Star TV'nin hiç istemediği bir patrona satılması nedeniyle oldukça iyi şartlarda çalıştığı işini kaybetmenin verdiği karamsarlığı, bütün
ülkeye yaymış.
Çizdiği tabloya göre herkes mutsuz, ülke bitmiş, kimsenin yüzü gülmüyor, kimsenin ağzını
bıçak açmıyor …
Cımbızladığı örneklerle vahim bir durum içinde bulunan, bitmiş mahvolmuş bir ülke tablosu çizdikten sonra, geliyo çözüm noktasına:
“Ne
Anayasa Mahkemesi çözebilir bu işi, ne savcı, ne polis, ne de bana göre işlevini yitirmiş olan
Meclis...”
İyi o zaman tüm şartlar oluşmuş, yasal organlar da durumu çözemez hale gelmiş. O halde tek yol kalıyor: DARBE
Yılmaz Özdil d-a-r-b-e harflerini yan yana sıralı şekilde kullanmamış tabi. Ama akıllara attığı kılçık bu. Söylememiş söyletmiş.

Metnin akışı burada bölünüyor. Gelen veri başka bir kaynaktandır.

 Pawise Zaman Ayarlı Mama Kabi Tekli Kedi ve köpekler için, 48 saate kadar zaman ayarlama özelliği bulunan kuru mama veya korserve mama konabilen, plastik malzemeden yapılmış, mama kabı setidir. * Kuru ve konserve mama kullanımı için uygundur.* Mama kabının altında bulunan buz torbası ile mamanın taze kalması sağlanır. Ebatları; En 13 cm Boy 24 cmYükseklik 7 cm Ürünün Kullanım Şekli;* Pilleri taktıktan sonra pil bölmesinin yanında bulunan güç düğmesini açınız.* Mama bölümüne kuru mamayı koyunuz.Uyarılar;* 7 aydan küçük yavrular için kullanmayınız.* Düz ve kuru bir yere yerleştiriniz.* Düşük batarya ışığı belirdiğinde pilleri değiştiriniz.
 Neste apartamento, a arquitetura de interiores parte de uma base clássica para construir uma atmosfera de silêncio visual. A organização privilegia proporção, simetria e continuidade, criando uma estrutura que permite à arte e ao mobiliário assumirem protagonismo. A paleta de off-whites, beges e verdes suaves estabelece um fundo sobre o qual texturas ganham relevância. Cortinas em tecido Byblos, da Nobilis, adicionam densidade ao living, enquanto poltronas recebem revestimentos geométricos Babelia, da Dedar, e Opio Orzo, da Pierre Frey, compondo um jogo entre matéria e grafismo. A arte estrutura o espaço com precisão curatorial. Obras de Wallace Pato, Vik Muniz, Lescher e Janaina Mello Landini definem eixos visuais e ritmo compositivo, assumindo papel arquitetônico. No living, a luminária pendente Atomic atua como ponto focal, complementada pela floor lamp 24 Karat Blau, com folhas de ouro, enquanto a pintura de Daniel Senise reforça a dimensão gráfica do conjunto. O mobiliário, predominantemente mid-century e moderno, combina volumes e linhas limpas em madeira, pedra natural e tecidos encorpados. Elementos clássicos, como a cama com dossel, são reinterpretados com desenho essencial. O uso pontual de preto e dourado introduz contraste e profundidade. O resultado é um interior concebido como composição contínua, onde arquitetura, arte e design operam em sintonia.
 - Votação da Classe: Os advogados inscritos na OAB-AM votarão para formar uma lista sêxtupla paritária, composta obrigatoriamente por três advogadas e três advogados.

Aslında öteden beri Yılmaz Özdil'le
CHP politikaları arasında benzerlik var. Yılmaz Özdil'in Baykal'ın dürüstlüğüyle ilgili yazdığı yazılar, CHP tarafından çoğaltılıp
broşür halinde dağıtılmıştı.
CHP'li
Esfender Korkmaz, geçen hafta Meclis'te benzer sözler sarfetmiş, vahamet tablosu çizdikten sonra
darbe teorisine geçmişti. TEK YOL KALDI TEORİSİ'ne yani.
Ergenekon Operasyonunu Köstekleme Partisi, pardon
Demokrat Parti Lideri
Hüsamettin Cindoruk da
sokak olaylarını saydıktan sonra “yakın tarihi bilen biri olarak söylüyorum 80 ihtilali böyle oldu” dedi.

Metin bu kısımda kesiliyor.